Right hip and knee joint rotations of the stroke patient in the sagittal plane are shown in Fig. 16. While the walking speed of the stroke patient is similar to that of the healthy subject, ranges of both hip and knee joint rotations are much smaller. Moreover, the knee joint rotation pattern is also different because it has an inflection point (60–70% in the gait cycle) in Fig. 16(b). Last but not least, the standard deviations of the hip and knee joint angles are larger than those of the healthy subject, which indicates more variations in his gait patterns between steps.

Experimental Results of a Parkinson's Disease Patient.

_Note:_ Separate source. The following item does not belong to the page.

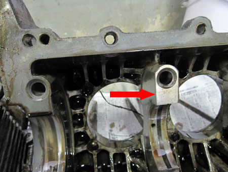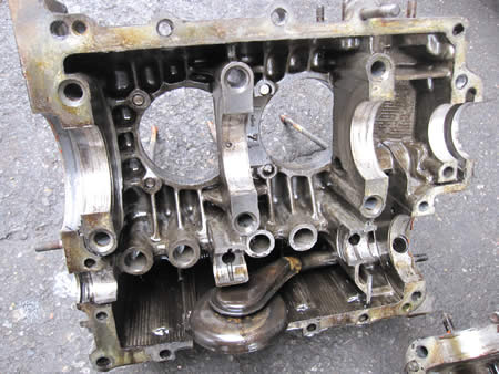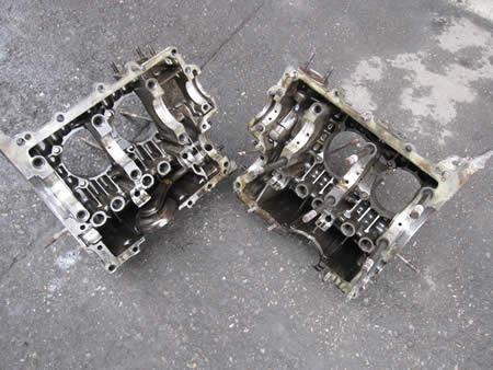 先ずは写真左から、クランクケースのセンタージャーナル(矢印部)に歪みが出ています。

Figure 17(a) shows the GCF signals and the detected gait phases from the left (affected) side of the Parkinson's disease patient. Three problems can be clearly identified from the smart shoe signals, with the first one being weak heel strike. The maximum heel strike force is around 50 lbs, which is much less than the force on the support force from the forefoot. The second abnormality lies in the improper lateral boarder support. Figure 12(a) indicates that a healthy subject tends to put more body weight on the medial boarder during forefoot support. However, this patient did in an opposite manner, which leads to imbalance and fall. Moreover, the patient failed to put enough force on the toe, which yielded a poor push-off before swing phase. As a result of the three problems mentioned above, three gait phases (IC, LR, and PS) are missing, respectively, as shown in Fig. 17(b).

Left hip and knee joint rotations in the sagittal plane are shown in Fig. 18. While this patient presents a large range of motion in the hip joint, there is an inflection point after 60% of the gait cycle and large variations also occur here, which is clearly abnormal by comparing with the healthy subject data in Fig. 14(a). The knee joint rotation of this patient is almost normal except for the small range of motion.

Finally, step lengths of both sides for the three subjects are calculated based on the consecutive 50 steps and they are summarized in Table 1. While the absolute values of the step lengths cannot be compared across different subjects due to different lengths of lower limbs, they can still reveal some abnormal gait behaviors. It is clear that the step lengths of the healthy subject are much larger than those of the stroke patient for both sides. Furthermore, the standard deviations of the patients are larger than those of the healthy subject, indicating they have more inconsistent gait patterns between steps. Last but not least, for the two patients, the standard deviations of the affected sides are much larger than those of the other sides.

In this paper, design of a wireless human motion monitoring system was presented for smart gait rehabilitation. Joint angle sensors were employed to estimate the joint rotations in three dimensions. Smart shoes were developed to measure the GCFs at four points on the shoe pad during walking. Gait phases and step lengths were calculated using raw sensor measurements. User interfaces were developed on a laptop and an iPad to provide visual feedback to the patients. The experimental results were shown for healthy subjects and patients to verify the performance of the proposed system. Based on the measurement from the system, it would be easy to detect abnormal gait and evaluate the training progress. The system was applied in a clinical study, which consisted of patients with post-stroke and Parkinson's disease, and clinical outcomes suggested that the patients might use the system to conduct high-quality and independent gait training at home. This in-home rehabilitation paradigm would make the gait training more convenient, accessible, and effective.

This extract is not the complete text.